| Information |
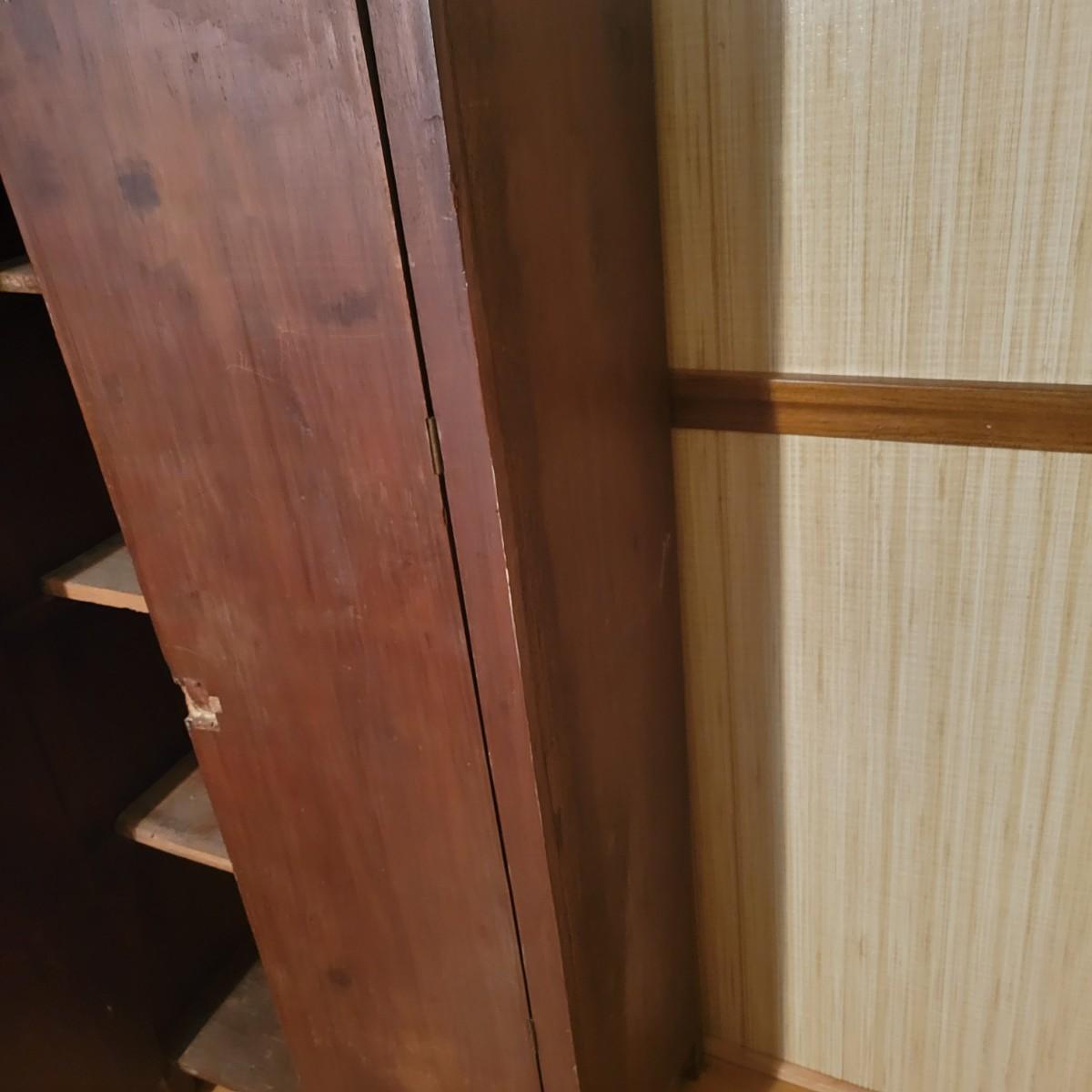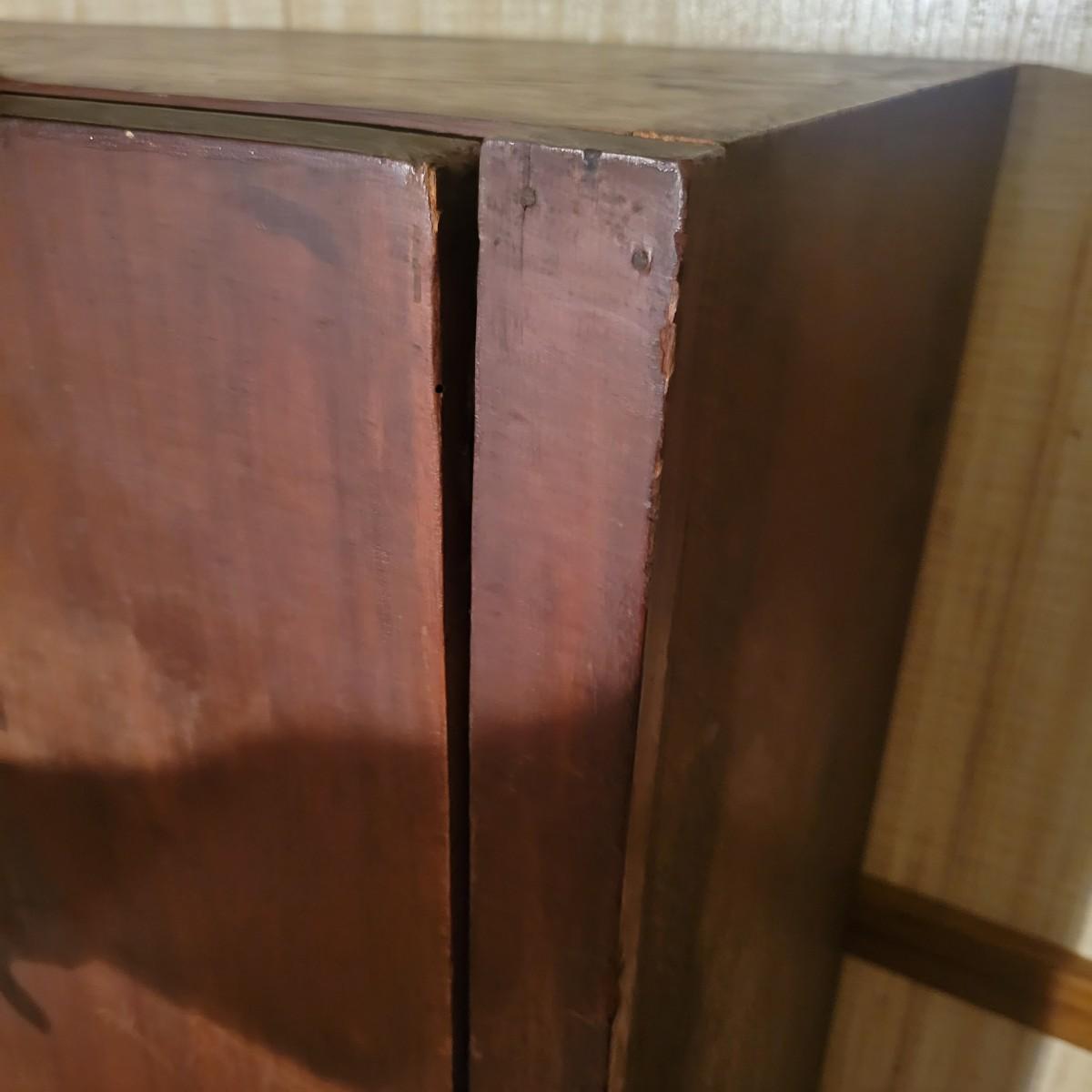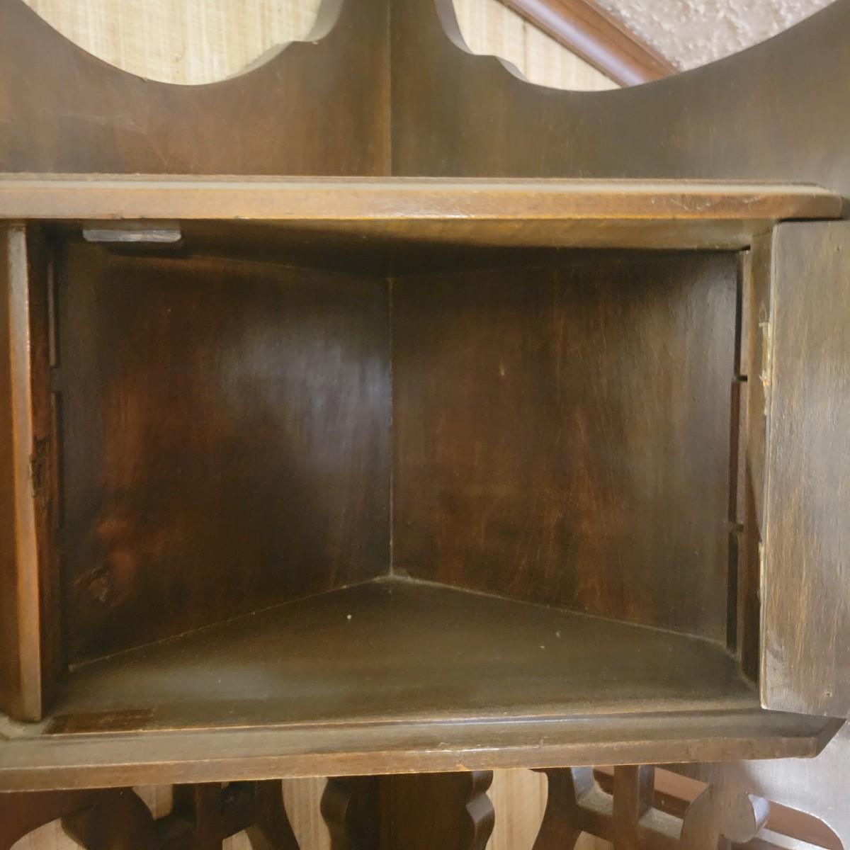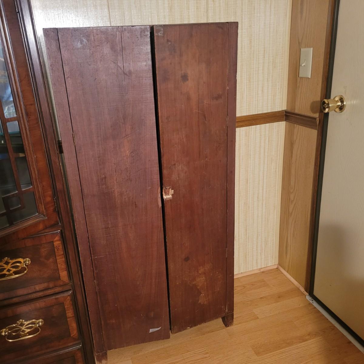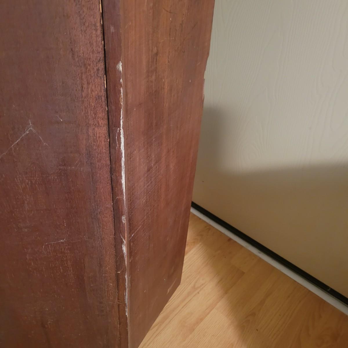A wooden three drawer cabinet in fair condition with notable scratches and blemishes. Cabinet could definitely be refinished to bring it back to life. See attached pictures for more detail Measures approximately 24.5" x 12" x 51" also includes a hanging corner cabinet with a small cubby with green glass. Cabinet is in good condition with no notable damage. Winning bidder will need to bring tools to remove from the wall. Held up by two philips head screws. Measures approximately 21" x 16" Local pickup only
* * *
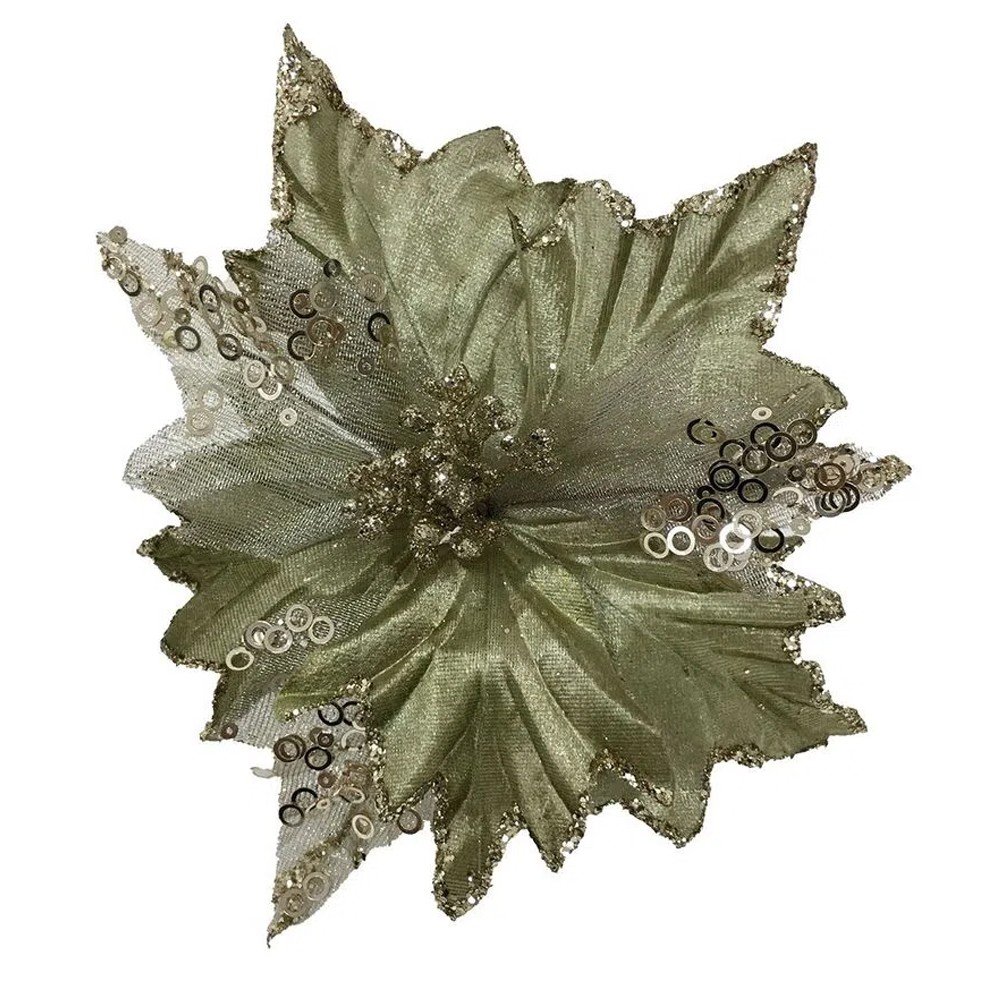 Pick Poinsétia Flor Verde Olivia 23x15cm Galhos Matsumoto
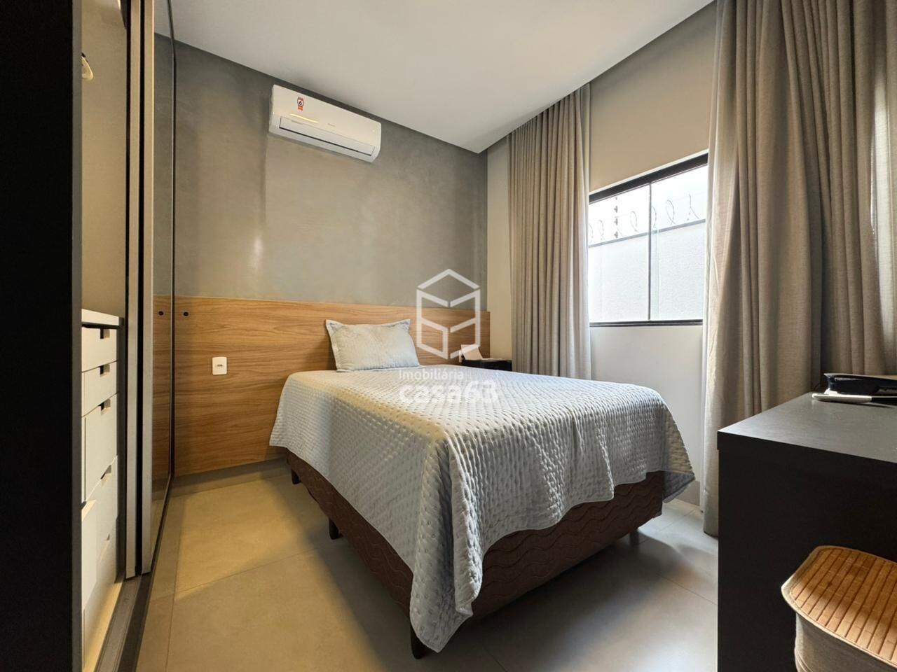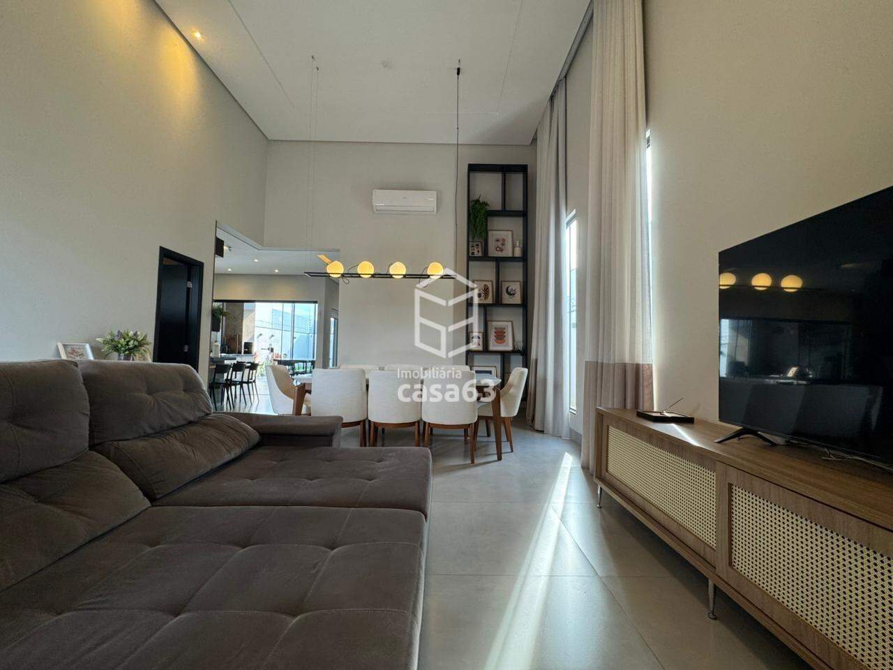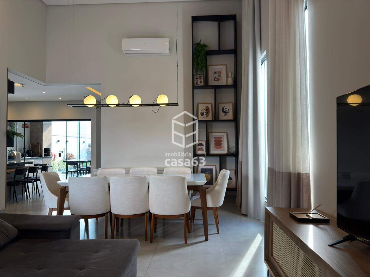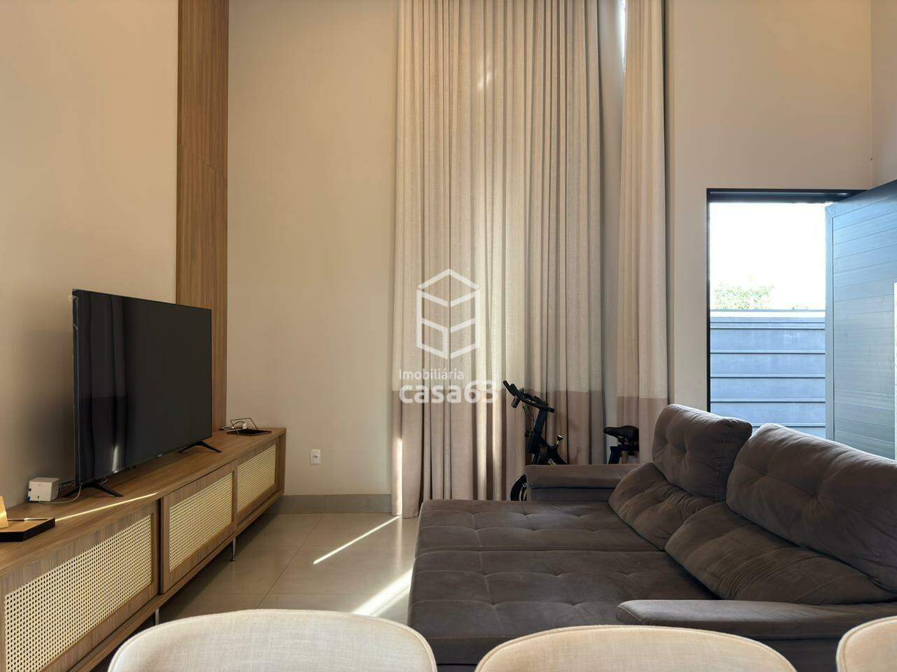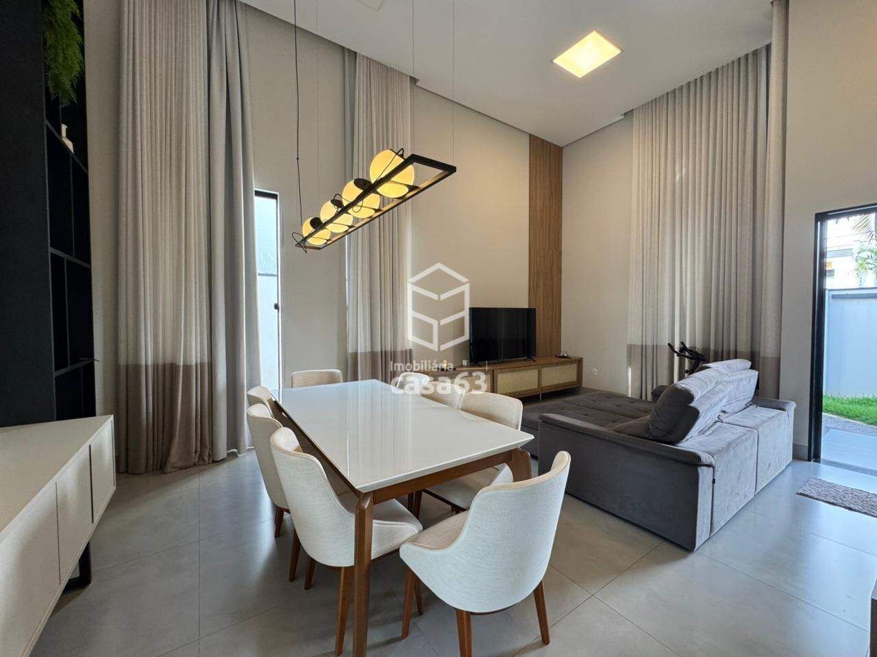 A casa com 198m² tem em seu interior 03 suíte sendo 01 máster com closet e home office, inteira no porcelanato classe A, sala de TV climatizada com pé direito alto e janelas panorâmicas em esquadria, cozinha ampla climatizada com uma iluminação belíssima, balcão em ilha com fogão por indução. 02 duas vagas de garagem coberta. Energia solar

| Activity |
Using the entries above, repeat exactly the lines from the one with "Pick Poinsétia Flor" to the one with "A casa com 198m²", both included, and leave the pictures behind.

| Task response |
 Pick Poinsétia Flor Verde Olivia 23x15cm Galhos Matsumoto
 A casa com 198m² tem em seu interior 03 suíte sendo 01 máster com closet e home office, inteira no porcelanato classe A, sala de TV climatizada com pé direito alto e janelas panorâmicas em esquadria, cozinha ampla climatizada com uma iluminação belíssima, balcão em ilha com fogão por indução. 02 duas vagas de garagem coberta. Energia solar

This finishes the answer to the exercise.